Requirement:
Only the stretch of the listing below that runs from the line with "Vindtåligt paraply med" through the line with "ケア手帳のカバーに差し込んで使うファスナーポケットです。" is to be printed, exactly and with both ends.

Input:
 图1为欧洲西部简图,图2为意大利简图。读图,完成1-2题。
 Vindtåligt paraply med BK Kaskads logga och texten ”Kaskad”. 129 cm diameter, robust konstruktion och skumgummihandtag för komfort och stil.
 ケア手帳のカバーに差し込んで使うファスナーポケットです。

--

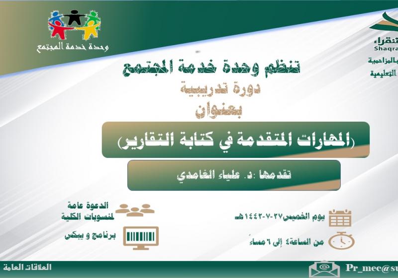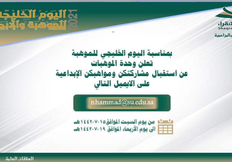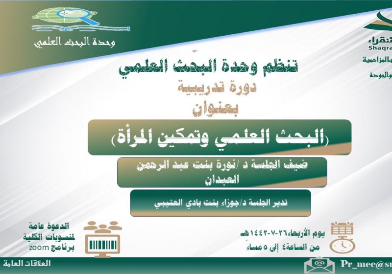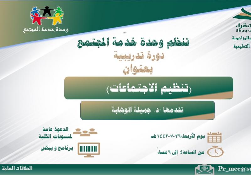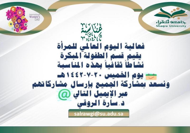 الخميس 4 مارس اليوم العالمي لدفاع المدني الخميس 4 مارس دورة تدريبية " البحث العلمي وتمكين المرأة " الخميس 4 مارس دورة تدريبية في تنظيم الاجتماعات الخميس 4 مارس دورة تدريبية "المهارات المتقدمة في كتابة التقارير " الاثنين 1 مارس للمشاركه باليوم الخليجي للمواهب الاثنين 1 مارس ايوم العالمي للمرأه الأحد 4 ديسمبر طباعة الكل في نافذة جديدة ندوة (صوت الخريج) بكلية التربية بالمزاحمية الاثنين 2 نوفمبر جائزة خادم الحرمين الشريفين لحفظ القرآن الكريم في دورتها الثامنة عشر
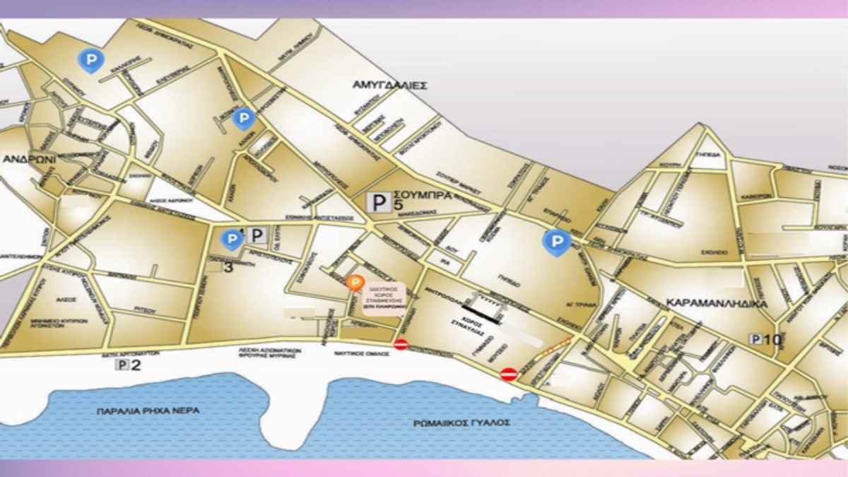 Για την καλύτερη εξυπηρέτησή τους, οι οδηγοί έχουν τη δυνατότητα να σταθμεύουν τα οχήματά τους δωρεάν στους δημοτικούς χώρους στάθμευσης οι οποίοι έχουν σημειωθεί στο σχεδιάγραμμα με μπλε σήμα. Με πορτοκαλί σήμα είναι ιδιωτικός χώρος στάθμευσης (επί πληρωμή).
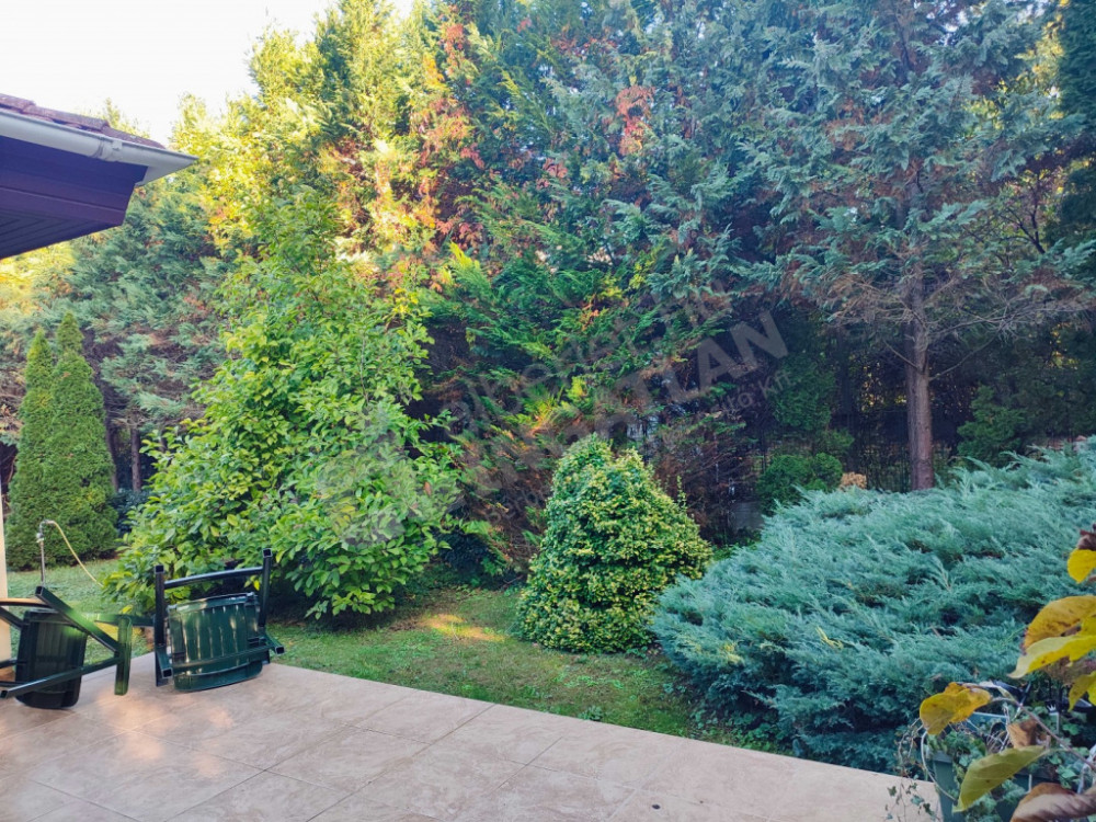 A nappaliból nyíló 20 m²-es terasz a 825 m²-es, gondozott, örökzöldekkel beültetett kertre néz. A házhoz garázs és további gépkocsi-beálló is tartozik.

---

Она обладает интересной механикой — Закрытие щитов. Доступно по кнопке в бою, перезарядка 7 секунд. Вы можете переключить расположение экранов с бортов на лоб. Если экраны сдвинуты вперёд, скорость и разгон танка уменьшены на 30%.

Answer to this problem:
 Vindtåligt paraply med BK Kaskads logga och texten ”Kaskad”. 129 cm diameter, robust konstruktion och skumgummihandtag för komfort och stil.
 ケア手帳のカバーに差し込んで使うファスナーポケットです。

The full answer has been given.